Starting with the first line of the listing, quote each line exactly until and including the one with "Das Portal des", leaving pictures out.

DATA EXCERPTS.
========
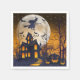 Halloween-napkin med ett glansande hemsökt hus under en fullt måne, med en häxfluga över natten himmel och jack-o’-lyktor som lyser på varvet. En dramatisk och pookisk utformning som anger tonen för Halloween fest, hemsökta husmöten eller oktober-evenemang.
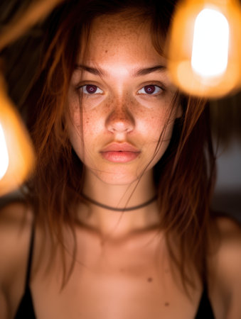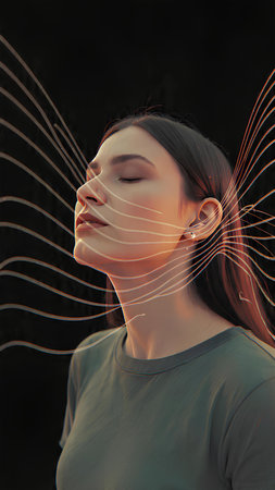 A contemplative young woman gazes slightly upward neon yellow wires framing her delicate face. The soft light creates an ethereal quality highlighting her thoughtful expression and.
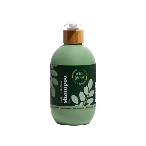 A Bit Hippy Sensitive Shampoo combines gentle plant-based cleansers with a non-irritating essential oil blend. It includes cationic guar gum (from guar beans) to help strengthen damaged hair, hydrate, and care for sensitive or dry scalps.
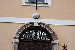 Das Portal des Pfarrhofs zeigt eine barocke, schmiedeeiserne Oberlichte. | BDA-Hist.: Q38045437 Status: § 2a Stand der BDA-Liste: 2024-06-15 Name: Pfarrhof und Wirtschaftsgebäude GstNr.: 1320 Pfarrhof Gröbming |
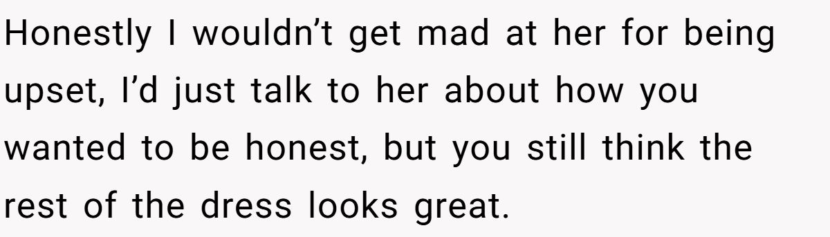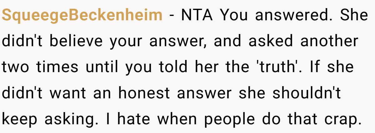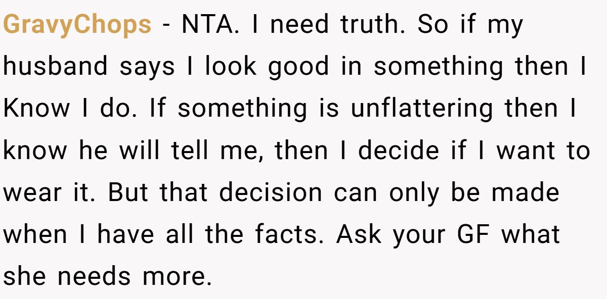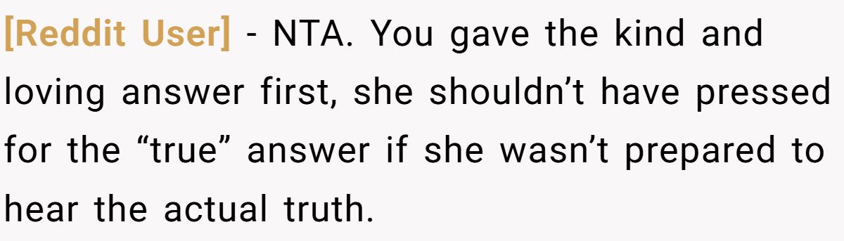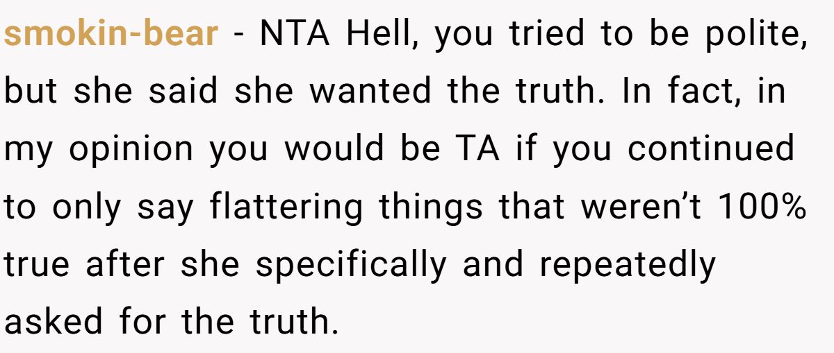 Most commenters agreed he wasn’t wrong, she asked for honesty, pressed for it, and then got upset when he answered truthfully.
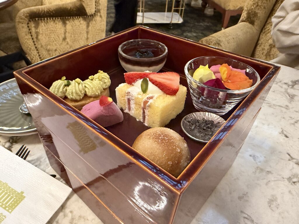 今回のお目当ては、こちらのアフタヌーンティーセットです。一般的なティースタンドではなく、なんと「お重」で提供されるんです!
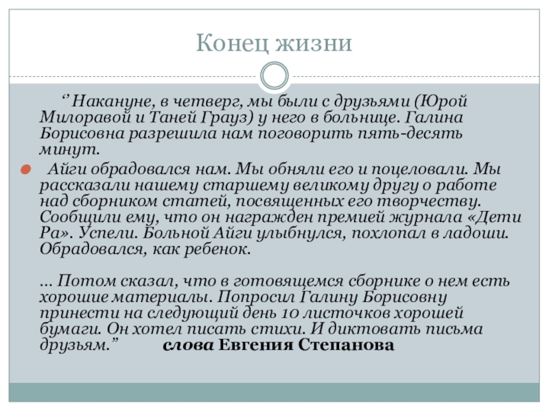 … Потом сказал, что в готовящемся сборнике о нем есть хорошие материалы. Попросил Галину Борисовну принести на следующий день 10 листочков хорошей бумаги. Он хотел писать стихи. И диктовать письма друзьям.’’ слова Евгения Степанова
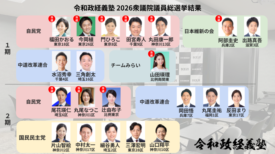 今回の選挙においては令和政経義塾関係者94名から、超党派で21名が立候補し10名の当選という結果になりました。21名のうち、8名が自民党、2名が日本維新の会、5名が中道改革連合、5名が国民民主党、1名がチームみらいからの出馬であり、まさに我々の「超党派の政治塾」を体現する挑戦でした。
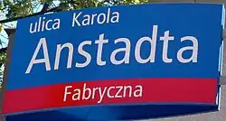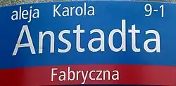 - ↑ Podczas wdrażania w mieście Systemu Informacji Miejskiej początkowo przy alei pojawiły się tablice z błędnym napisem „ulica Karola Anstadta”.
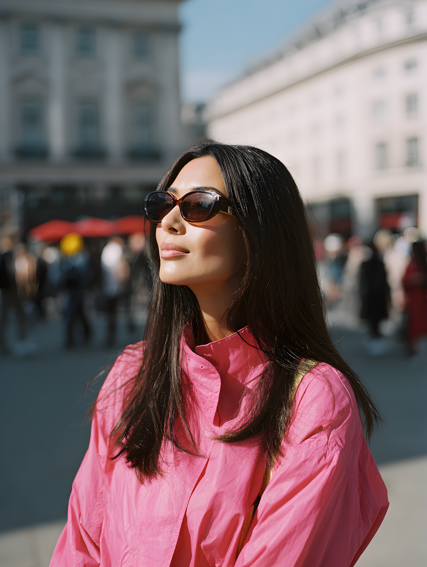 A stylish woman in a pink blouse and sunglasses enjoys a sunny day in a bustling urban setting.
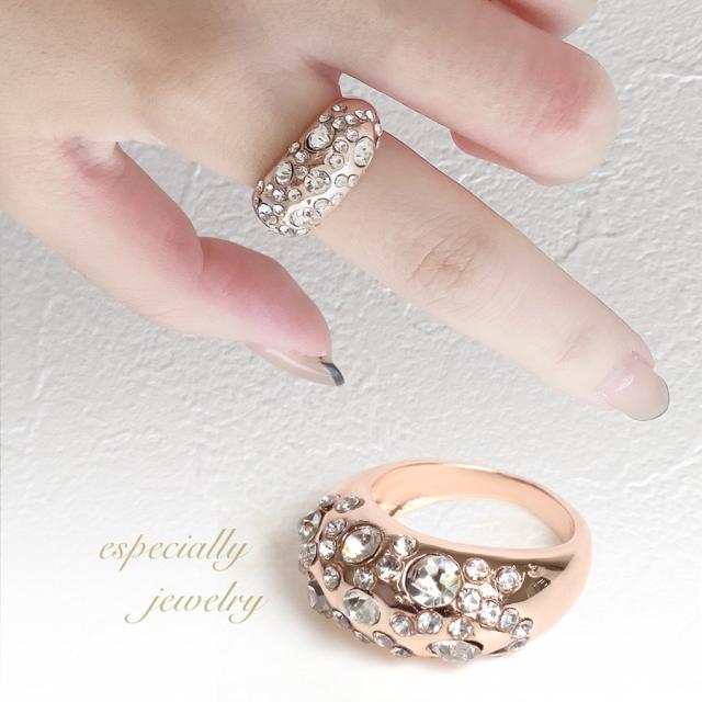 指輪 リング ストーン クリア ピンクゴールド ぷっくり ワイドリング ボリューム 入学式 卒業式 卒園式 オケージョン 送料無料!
========
EXERCISE RESULT.
 Halloween-napkin med ett glansande hemsökt hus under en fullt måne, med en häxfluga över natten himmel och jack-o’-lyktor som lyser på varvet. En dramatisk och pookisk utformning som anger tonen för Halloween fest, hemsökta husmöten eller oktober-evenemang.
 A contemplative young woman gazes slightly upward neon yellow wires framing her delicate face. The soft light creates an ethereal quality highlighting her thoughtful expression and.
 A Bit Hippy Sensitive Shampoo combines gentle plant-based cleansers with a non-irritating essential oil blend. It includes cationic guar gum (from guar beans) to help strengthen damaged hair, hydrate, and care for sensitive or dry scalps.
 Das Portal des Pfarrhofs zeigt eine barocke, schmiedeeiserne Oberlichte. | BDA-Hist.: Q38045437 Status: § 2a Stand der BDA-Liste: 2024-06-15 Name: Pfarrhof und Wirtschaftsgebäude GstNr.: 1320 Pfarrhof Gröbming |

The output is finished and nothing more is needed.